Amupitan: Towards a Rule of Law-Compliant INEC
By Abu Micheal
Introduction
The recent decision of the Federal High Court in Abuja voiding portions of the Independent National Electoral Commission’s (INEC) revised timetable for the 2027 general elections, and INEC’s subsequent appeal against that judgment, crystallizes a deeper constitutional question: what are the legal limits of INEC’s regulatory authority in a democracy governed by the rule of law? The suit, filed by the Youth Party, challenged INEC’s May 10, 2026 deadline for the submission of membership registers and its compression of other statutory timelines. Justice M.G. Umar’s judgment restored the Electoral Act 2026’s 120-day pre-election requirement for submission of candidates’ particulars and extended compliance to September 2026. INEC’s appeal, confirmed by a senior official of the Commission, signals that the contest is not over.
This moment offers an opportunity to revisit the framework within which INEC operates, drawing on Professor Joash Ojo Amupitan, SAN’s enduring call for electoral institutions that are not merely efficient, but fully compliant with the rule of law. “Amupitan: Towards a Rule of Law-Compliant INEC” is thus not a tribute to a person, but an analytical lens — a reminder that legitimacy in election management derives not from administrative convenience, but from strict fidelity to law, procedural fairness, and respect for the rights of political actors. Using the INEC-Youth Party dispute as a case study, this essay argues that Nigeria’s democracy will be strengthened only when INEC’s exercise of power is self-consciously bounded by statute, judicial oversight is welcomed rather than resisted, and the Commission’s institutional culture internalizes rule of law as its operating principle.

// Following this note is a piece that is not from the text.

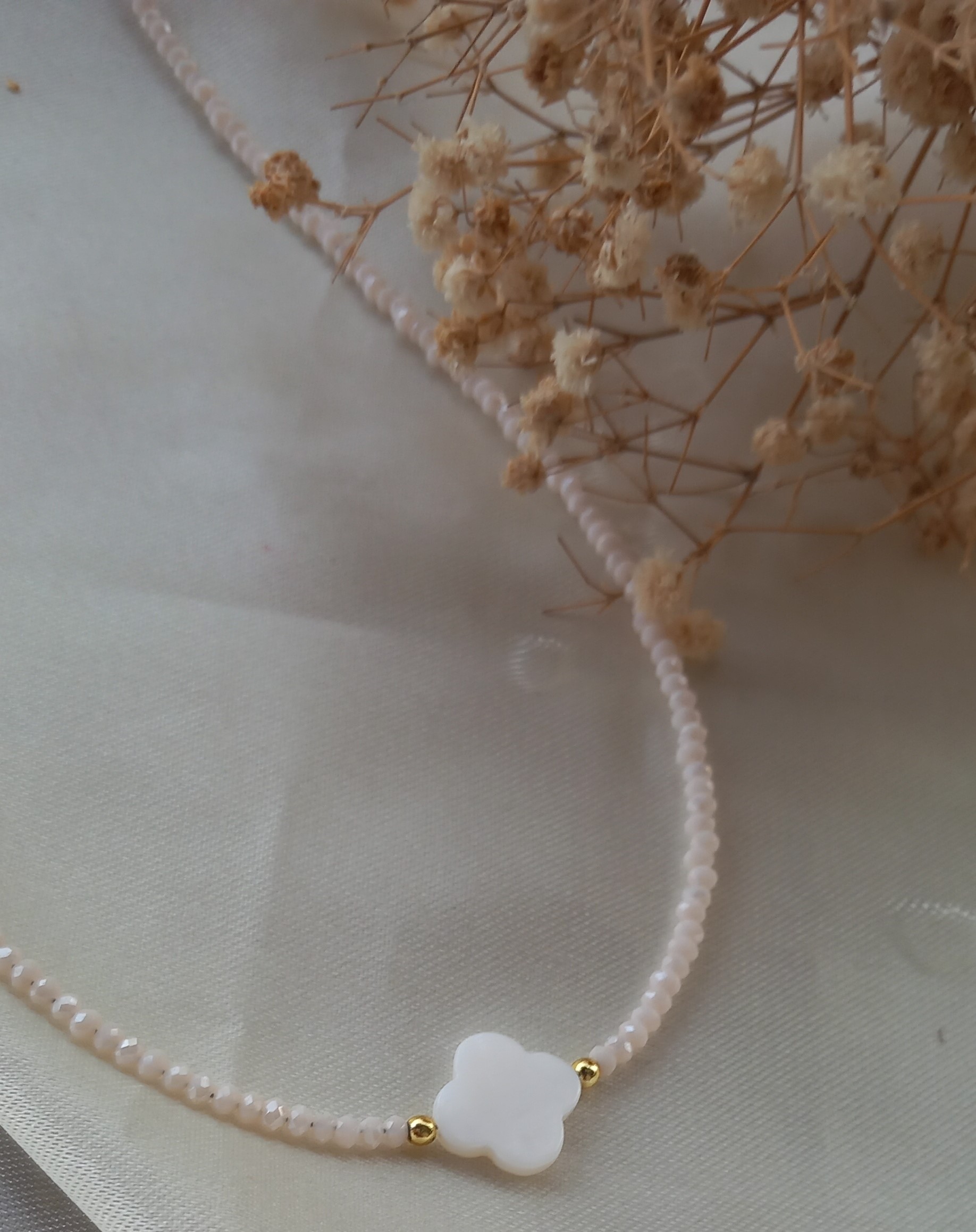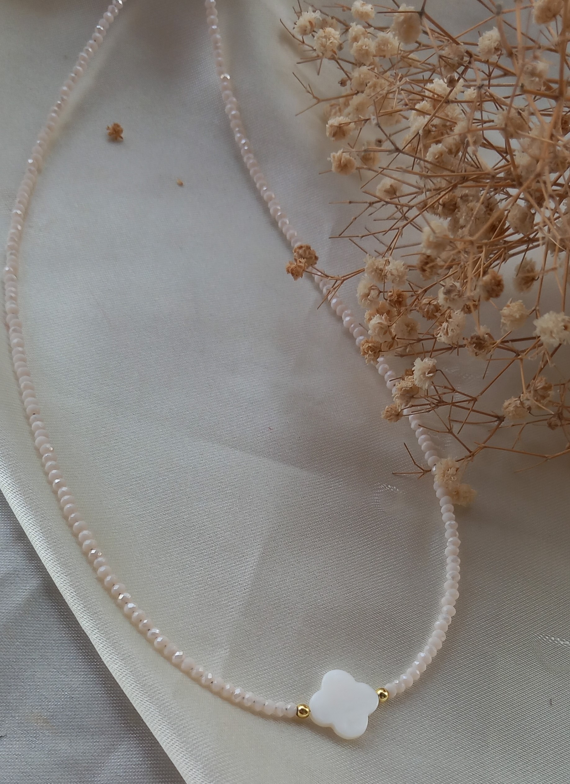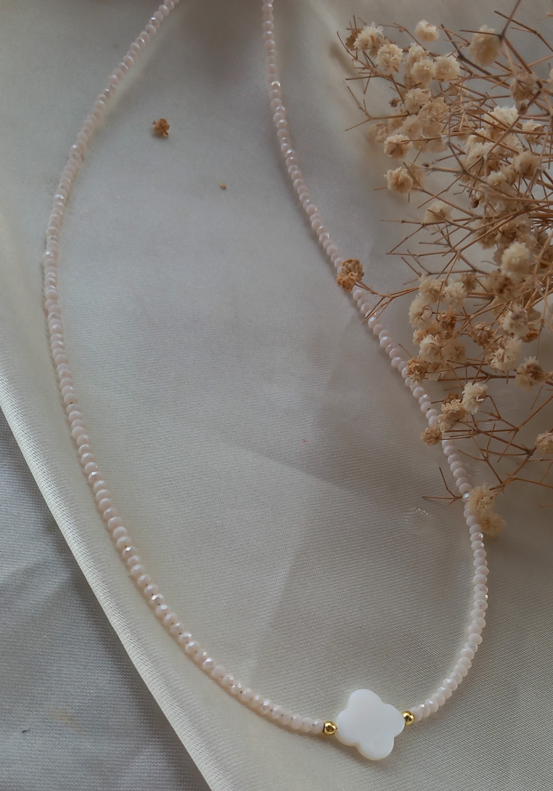 گردنبند زنانه کریستالی نباتی رنگ ثابت با صدف طبیعی طرح ونکلیف، ترکیبی از ظرافت و زیبایی طبیعی است.
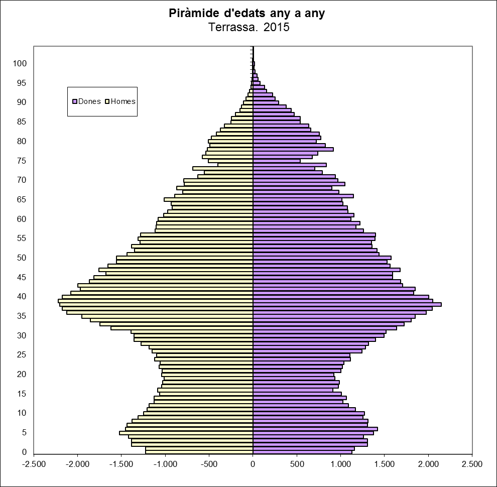 – Quina és la franja d’edat en que hi ha més habitants a Terrassa?

*The Legal Contours of the Dispute*
At the heart of the Federal High Court judgment is the interpretation of Sections 29(1), 31, and 32 of the Electoral Act 2026. Section 29(1) mandates that political parties submit the personal particulars of their candidates to INEC not later than 120 days before the date of an election. Section 31 allows withdrawal and replacement of candidates up to 90 days before an election. Section 32 governs the publication of final lists not less than 60 days before an election.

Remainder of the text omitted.